Pearl millet is not only a staple food for many people of northern Namibia, but it is also the most stable and reliable crop.

With the situation of climate change affecting many regions across the world, the unreliable rainfall and poor soils as a result of overpopulation, pearl millet remains one of the most resilient crop varieties and an important source of natural nutrition for millions of people.

In Namibia pearl millet is known as “mahangu”, grown in the northern and north eastern regions of the country where it is a staple food.

Unlike maize, the mahangu crop grows easily in these parts of the country due to its ability to withstand harsh weather conditions such as little rainfall or flooding. In addition mahangu does not require much fertilizers or expensive pest control measures.

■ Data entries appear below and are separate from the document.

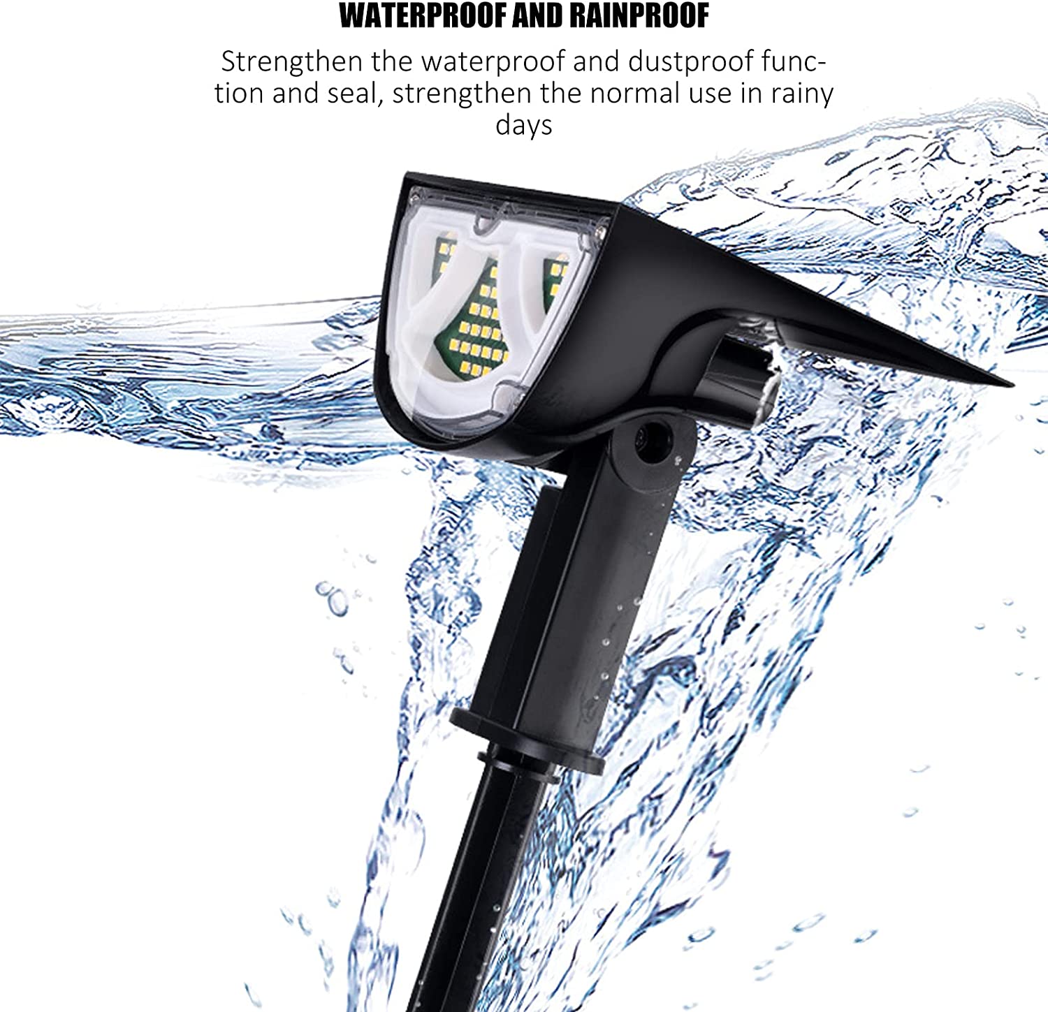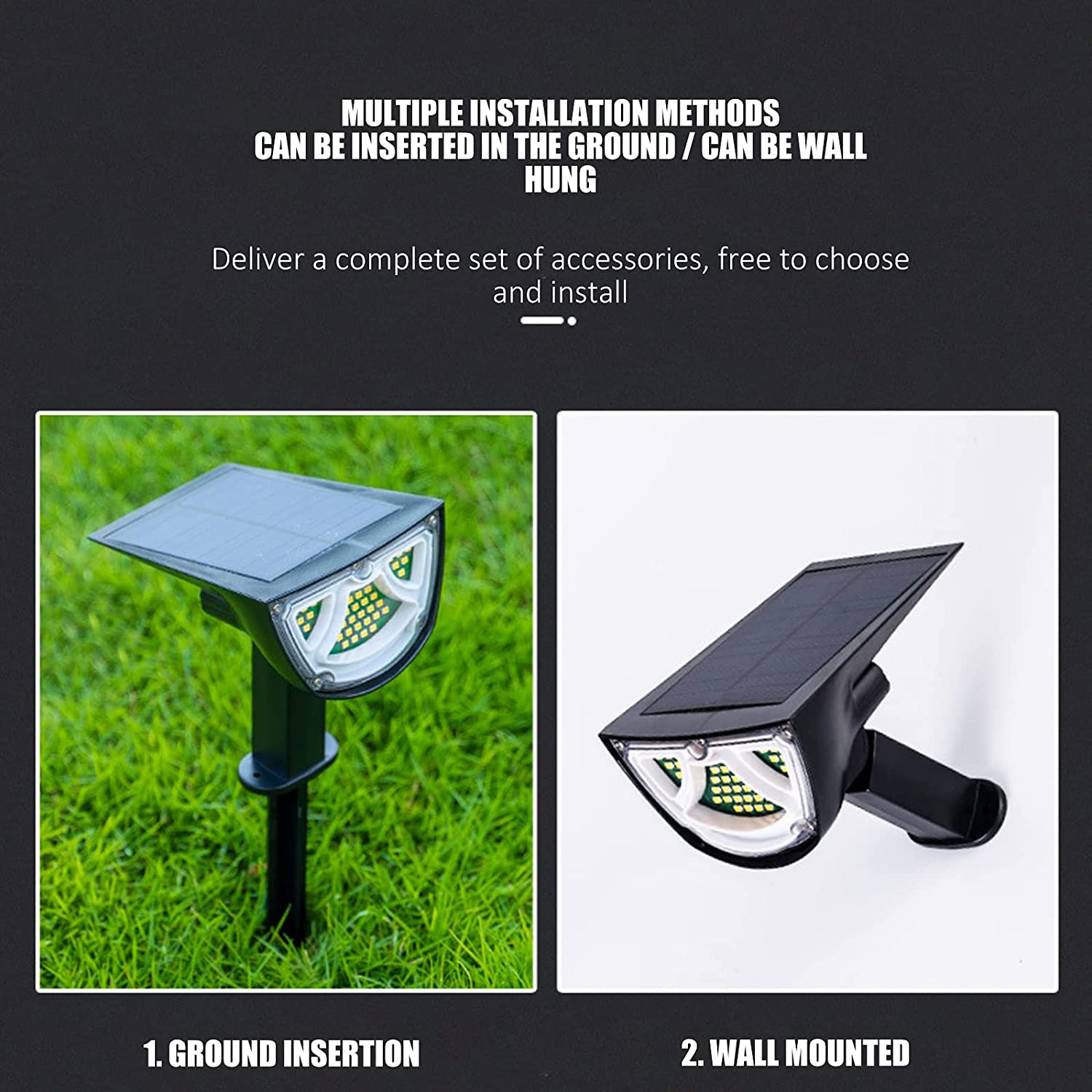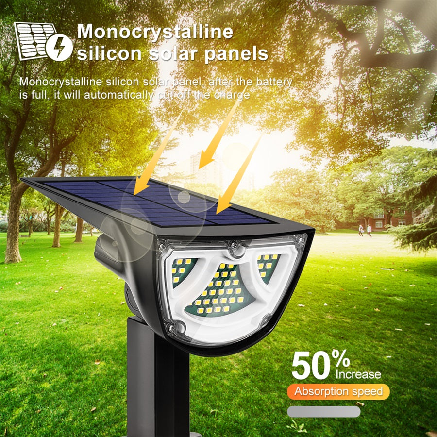 This lamp has led beads on the front and back. So both sides can emit light. In this way, the lampcan illuminate the road and the grass and flowers
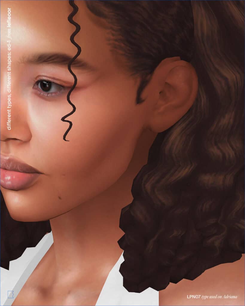 Ear Presets 01–03 features three ear presets that change your Sim’s overall ear shape. The presets create subtle variations in ear curve, helix shape, and lobe structure, giving you more options when refining a Sim’s side profile.
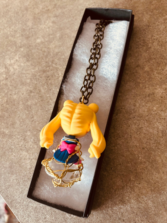 Sailor Moon Brass Faceted Diamond Glass Pendant Necklace
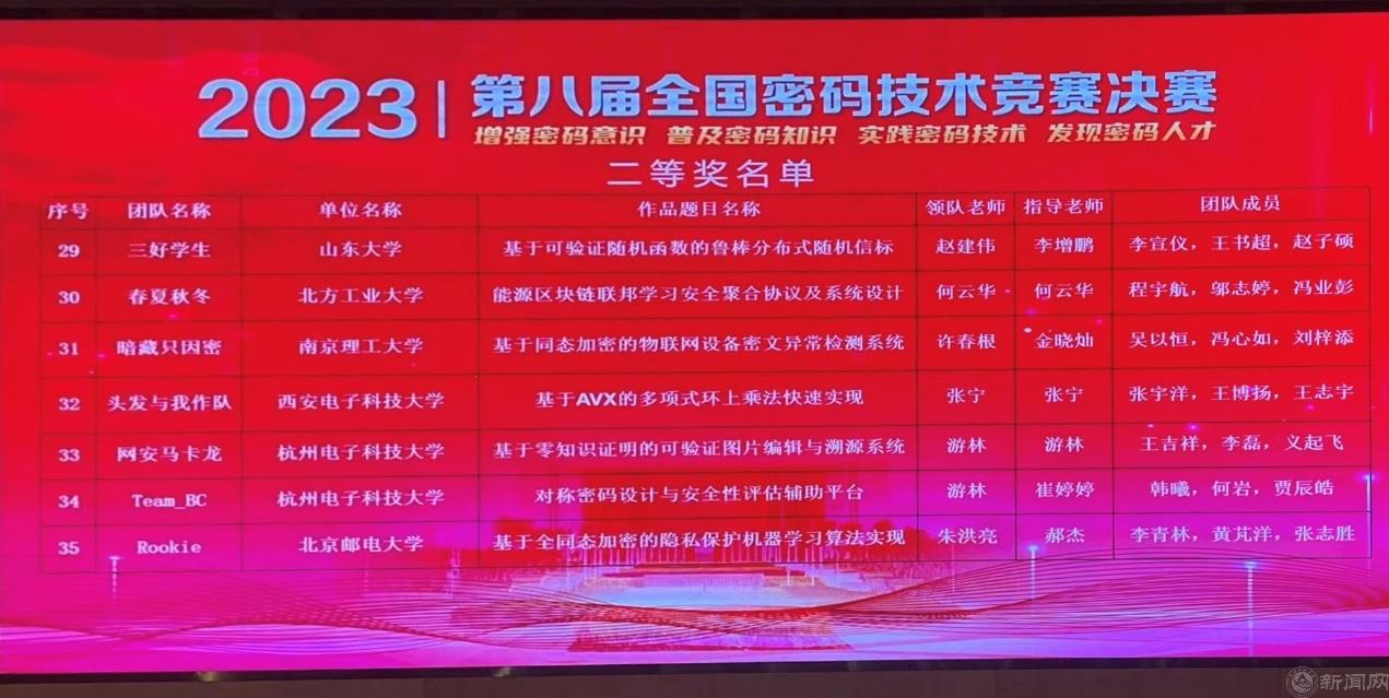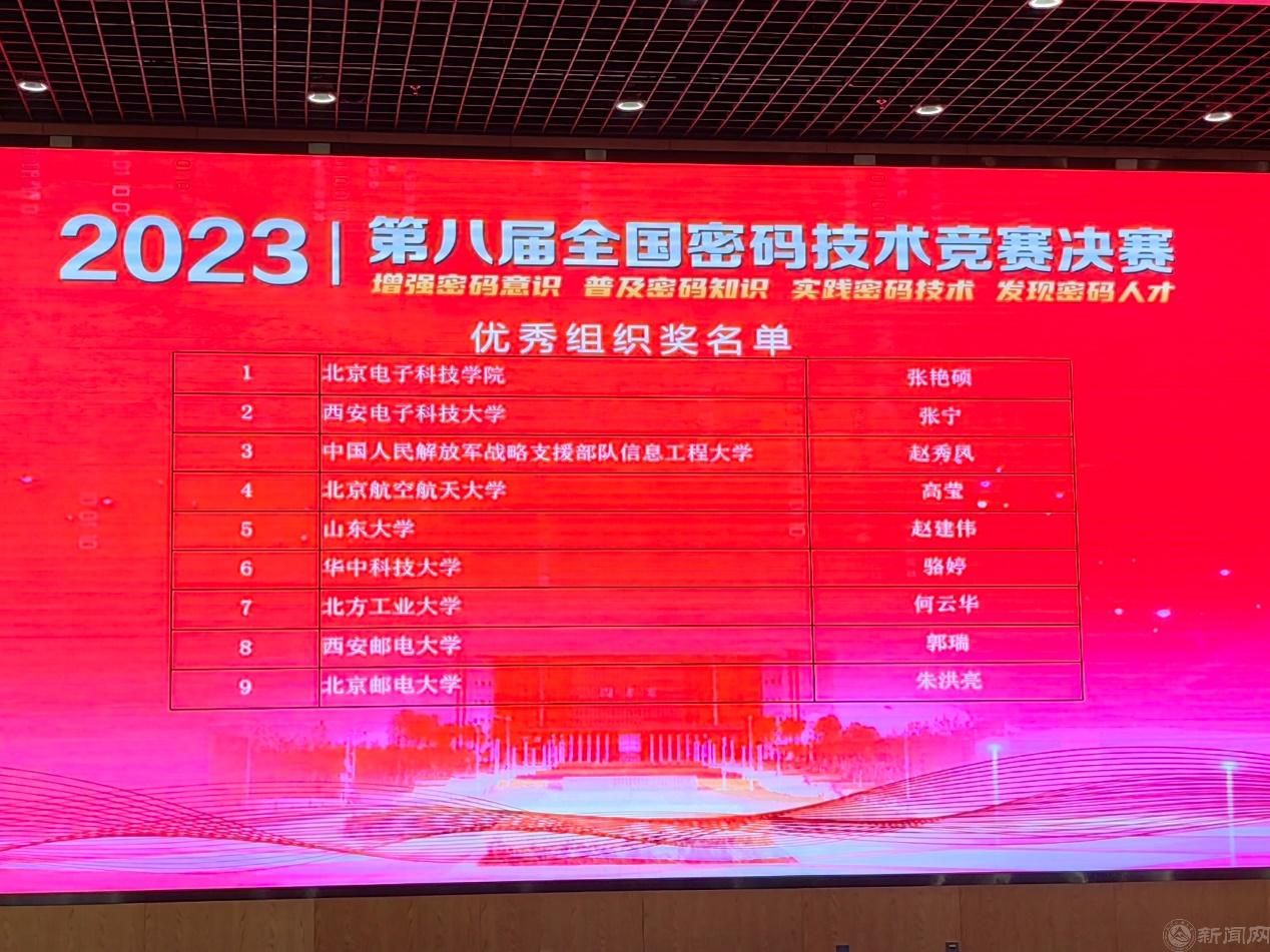 11月25日,由国家密码管理局指导、中国密码学会主办的“第八届全国密码技术竞赛”决赛在新疆大学信息科学与工程学院落下帷幕。beat365官网在比赛中获全国二等奖1项、三等奖5项,学校获得“优秀组织奖”,获奖情况在全国高校中位居前列。
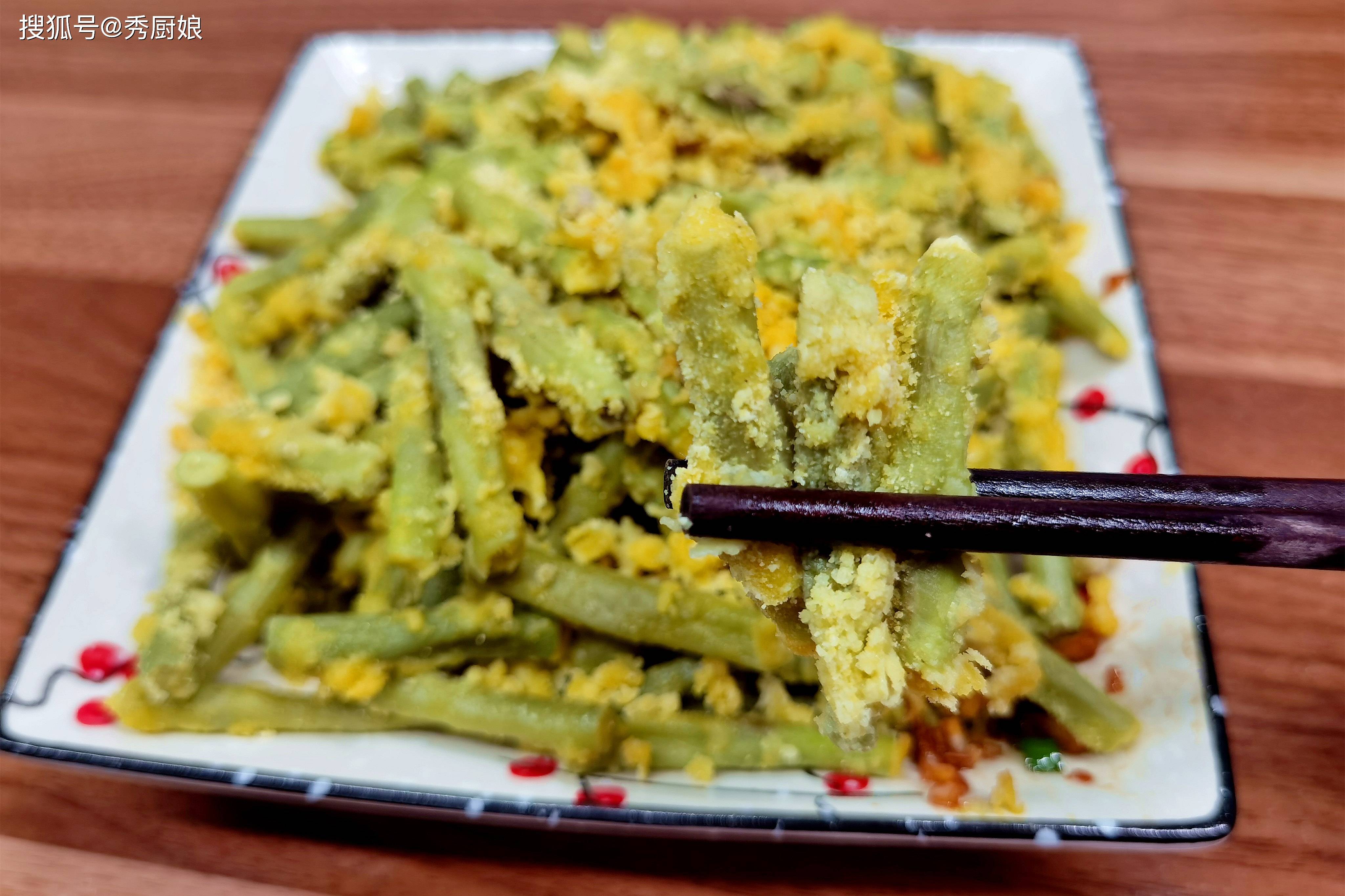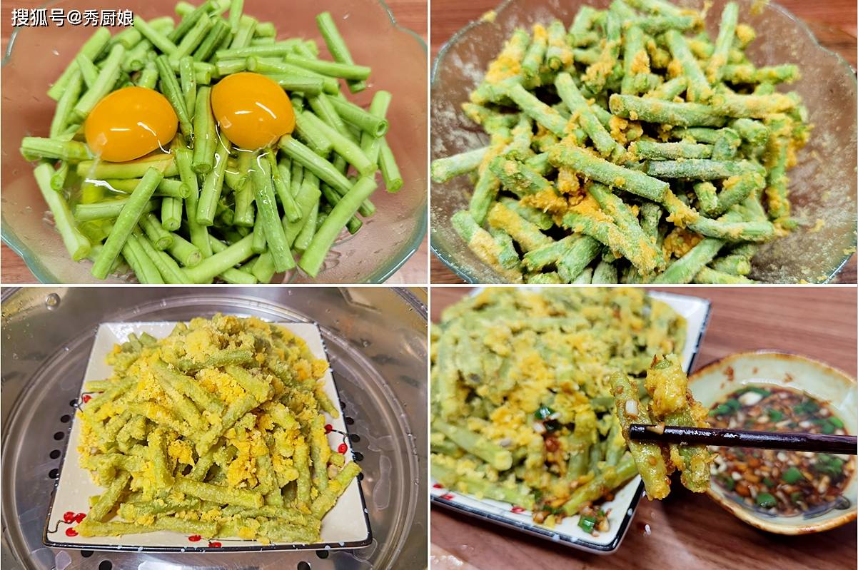 3. 蒸屉铺上湿笼布或刷薄油,将拌好的豆角均匀铺开,水开后上锅,中大火蒸10-12分钟即可。 4. 出锅后可以直接吃,也可以调个蒜泥醋汁蘸着吃,风味更足。 这是道非常健康的“主食菜”。玉米面是优质粗粮,和豇豆、鸡蛋搭配,蛋白质、钙质、膳食纤维一次补齐。蒸的做法不上火,原汁原味,口感扎实饱腹,特别适合需要控制体重又想补钙的中老年朋友和宝妈们。
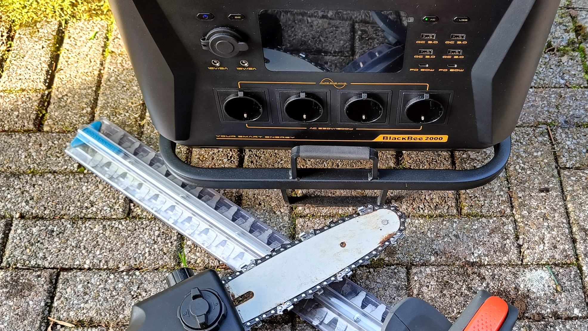 Die angeschlossenen Verbraucher, egal ob mit Gleich- oder Wechselstrom, funktionieren allesamt ordnungsgemäß. Das stromhungrige Macbook Pro per USB-C zu versorgen, funktioniert ebenso, wie die Versorgung von Gaming-PC, 3D-Drucker, Werkzeug und Gartengerät (bis 1600 Watt). Selbst Elektro-Kettensäge und Rasentrimmer versorgt die Powerstation problemlos. Damit ist die Blackbee nicht nur für moderate, sondern auch für stärkere Verbraucher gut geeignet.

Although cultivating mahangu is a long and labour-intensive process, done mostly by women and their children, it has been the source of sustenance for livelihoods of the people of northern Namibia over several centuries.

The mahangu grains are ground into a flour, which is cooked into a thick lump of porridge called “oshifima” and eaten with relish in the form of wild spinach called “ombidi” or “evanda”. Oshifima may also be eaten with meat or chicken relish, or with fermented milk.

Mahangu flour may also be fermented to make a drink called “oshikundu” which is an energy-booster for people at work. Mahangu can also be brewed to make an alcoholic drink called “omalodu” which is drunk during celebratory occasions.

In Namibia pearl millet (mahangu) was declared by the Government in May 2008 as a controlled crop in order to control the imports and exports of mahangu grains.